> _Record set_:
● ● ●

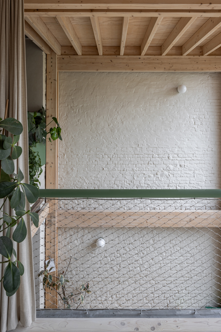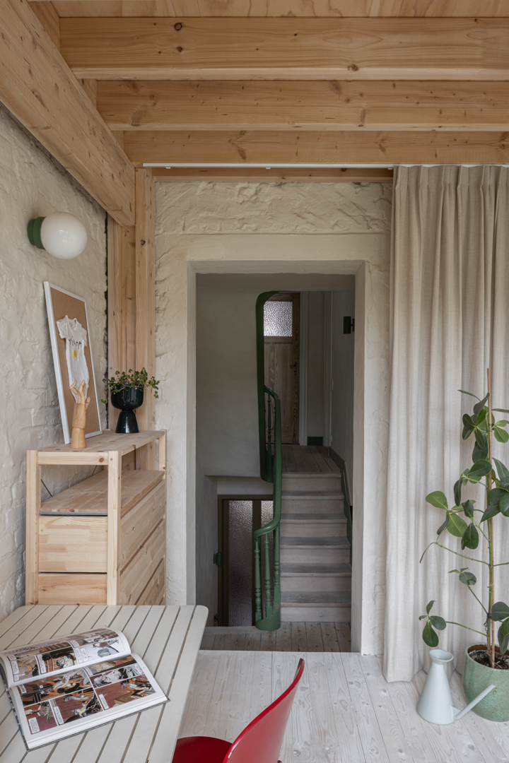 Outre le bois, d'autres matériaux s'inscrivent dans la philosophie de la construction circulaire. Le liège, la laine de bois, le chaux-chanvre et la cellulose ont été choisis comme matériaux d'isolation. La finition est constituée d'un enduit d'argile et de peinture, ce qui garantit une structure saine et respirante. Des granulats de verre cellulaire ont été utilisés pour les fondations, ce qui constitue une alternative durable à la dalle de béton traditionnelle. Le projet est entièrement bioécologique et répond aux exigences de RENOLAB, un programme de subventions qui soutient les projets de rénovation durable.
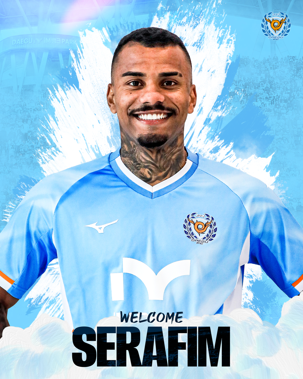 1998년생인 세라핌은 브라질 상 조제 EC와 아마조나스 EC를 거치며 성장했고, 2025년 수원삼성으로 임대 이적해 K리그에 도전했다. 첫 시즌부터 37경기 13득점 4도움의 활약으로 팀 내 최다 득점을 기록하며 강한 인상을 남겼다. 뜨거운 활약으로 팬들의 주목을 받은 그는 새로운 무대 대구FC에서 득점 본능을 이어가며 팀 공격 완성도를 한층 끌어올릴 전망이다.
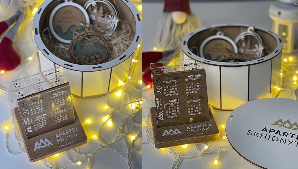 Одним із найбільш затребуваних корпоративних подарунків є настільні календарі з логотипом. Вони не просто прикрашають робочий стіл — вони постійно знаходяться у полі зору, нагадуючи про компанію кожного дня. Дерев’яні календарі виглядають солідно, вирізняються довговічністю та слугують стильним офісним аксесуаром. Логотип або слоган підсилює бренд, а лаконічний дизайн додає виробу універсальності. Такий подарунок доречний як для внутрішнього використання в колективі, так і для партнерів чи клієнтів.
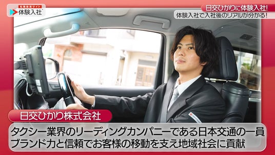 株式会社体験入社(本社:神奈川県鎌倉市、代表取締役:松本聖司)は、この度、タクシー業界のリーディングカンパニーである日本交通グループに属する日交ひかり株式会社(以下、日交ひかり)が、当社の提供する採用動画サービス「体験入社動画」を導入したことをお知らせいたします。この導入は、「入社前には“入社後のリアル”が見えにくい不安」という課題を解消し、日交ひかりが求める「自社にマッチした人材」の獲得をサポートいたします。
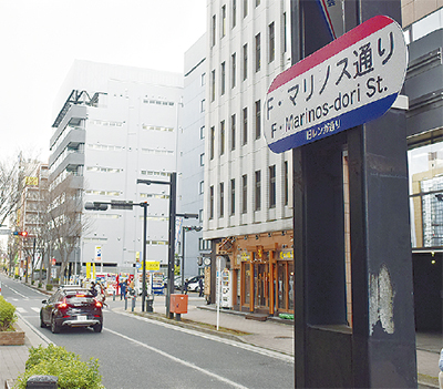新横浜駅から日産スタジアムに向う延長約300mの道路が、2月25日から「F・マリノス通り」に愛称変更された。道路を管理する新横浜町内会金子清隆会長は「マリノスを”おらが街のチーム”として力強く応援したいという気持ちで実現しました」と話す。
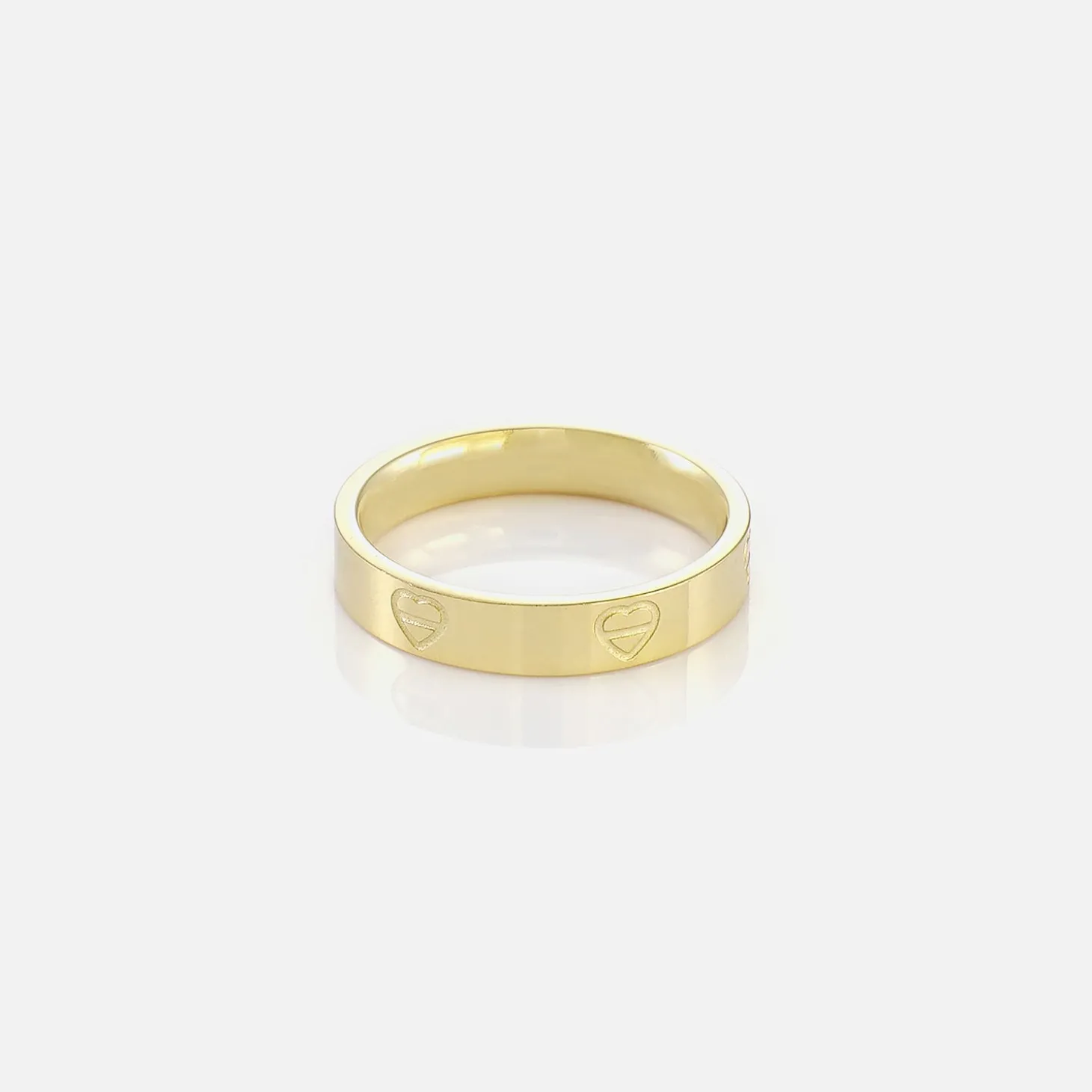 Gouden ring met gegraveerd hartjes. Kies jouw gewenste maat. Gemaakt van hoogwaardig stainless steel. Valentijn sieraden, liefdes sieraden.
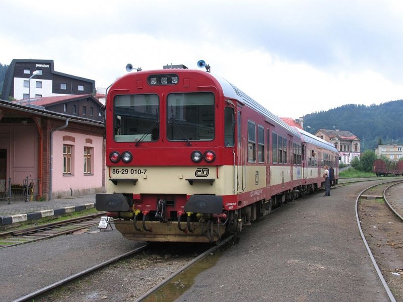 86-29 010-7 und 843 009-2 mit Os 16220 Harrachov-Liberec auf Bahnhof Tanvald am 12-7-2009.
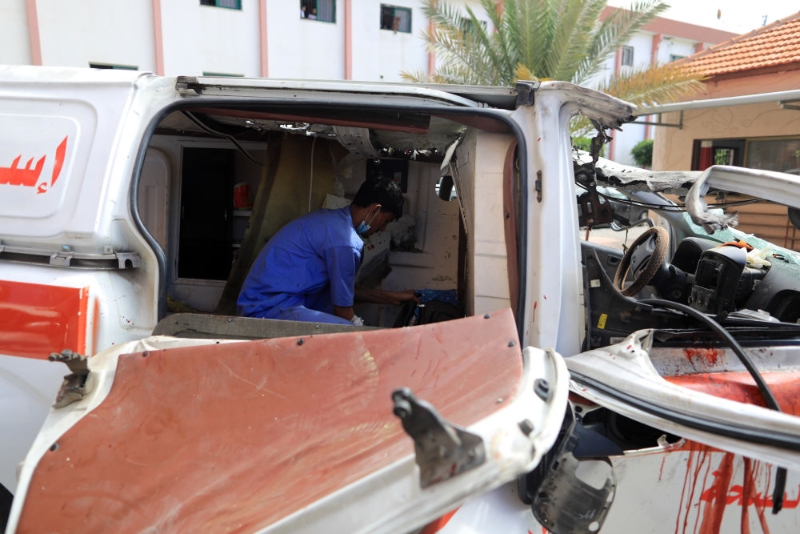 ↑這是10月7日在加沙地帶城市汗尤尼斯拍攝的在以色列空襲中受損的救護(hù)車。新華社發(fā)(哈立德·奧馬爾攝)

● ● ●

> _What the task requires_:
What's needed is an exact copy of the lines above from the one with "Gouden ring met" through the one with "86-29 010-7 und", both included; the pictures stay out.

> _Completed task_:
 Gouden ring met gegraveerd hartjes. Kies jouw gewenste maat. Gemaakt van hoogwaardig stainless steel. Valentijn sieraden, liefdes sieraden.
 86-29 010-7 und 843 009-2 mit Os 16220 Harrachov-Liberec auf Bahnhof Tanvald am 12-7-2009.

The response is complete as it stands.